_What you need to do:_ Drop the pictures; give again exactly the lines from the one holding "Holmegaard glasværk, Gorm" through the end of the data.

====== Data provided ======

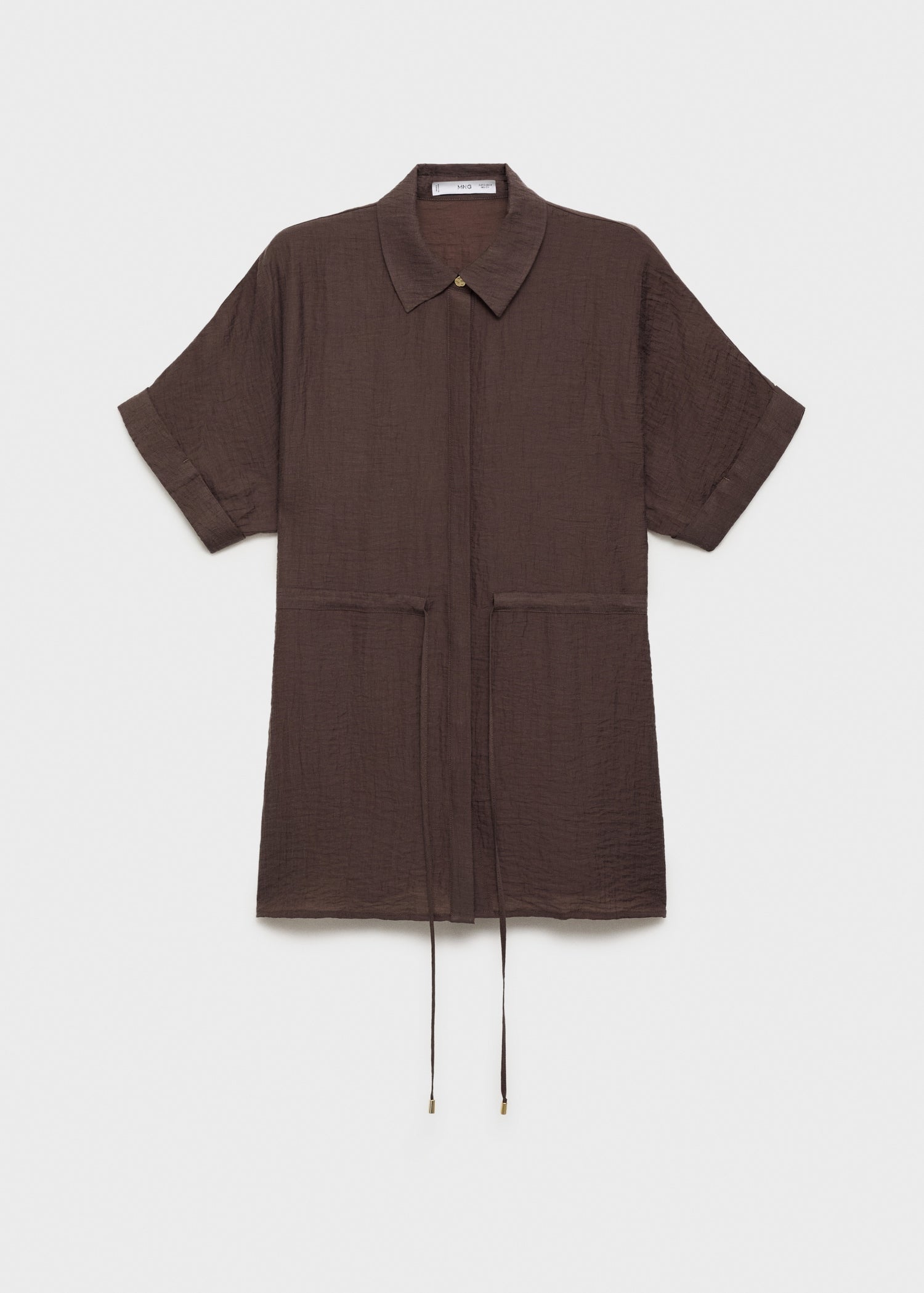 Lyocell-blend fabric. Wrinkled effect. Long design. Shirt Collar. Short sleeves with turn-up. Front closure with buttons. Elastic waist with tie closure. Total look.Product Code: 17092535-32
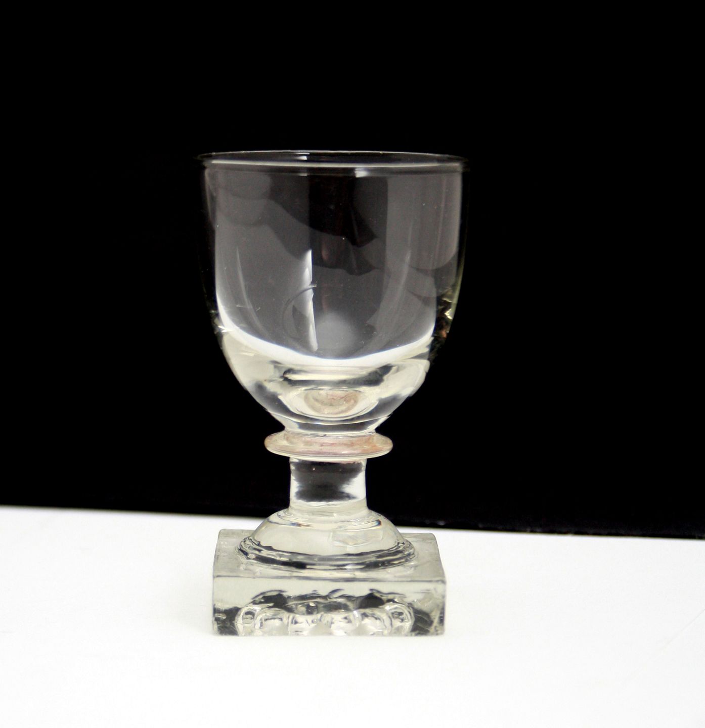 Holmegaard glasværk, Gorm den Gamle/Viking glas med kraftig firkantet slebet fod. Bunden har opstukket "blomst" med runde kronblade. Produceret omkring 1900. Snaps. Højde 7 cm. Diameter 4,5 cm. Enkelte med minimale afslag i bunden af fod. Fin stand. Pris: SOLGT
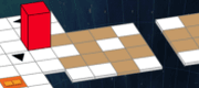 Students guide a rectangular block across a grid, flipping it end-over-end to reach a designated target. The challenge lies in navigating tight spaces and avoiding pitfalls.

======

_Reply:_
 Holmegaard glasværk, Gorm den Gamle/Viking glas med kraftig firkantet slebet fod. Bunden har opstukket "blomst" med runde kronblade. Produceret omkring 1900. Snaps. Højde 7 cm. Diameter 4,5 cm. Enkelte med minimale afslag i bunden af fod. Fin stand. Pris: SOLGT
 Students guide a rectangular block across a grid, flipping it end-over-end to reach a designated target. The challenge lies in navigating tight spaces and avoiding pitfalls.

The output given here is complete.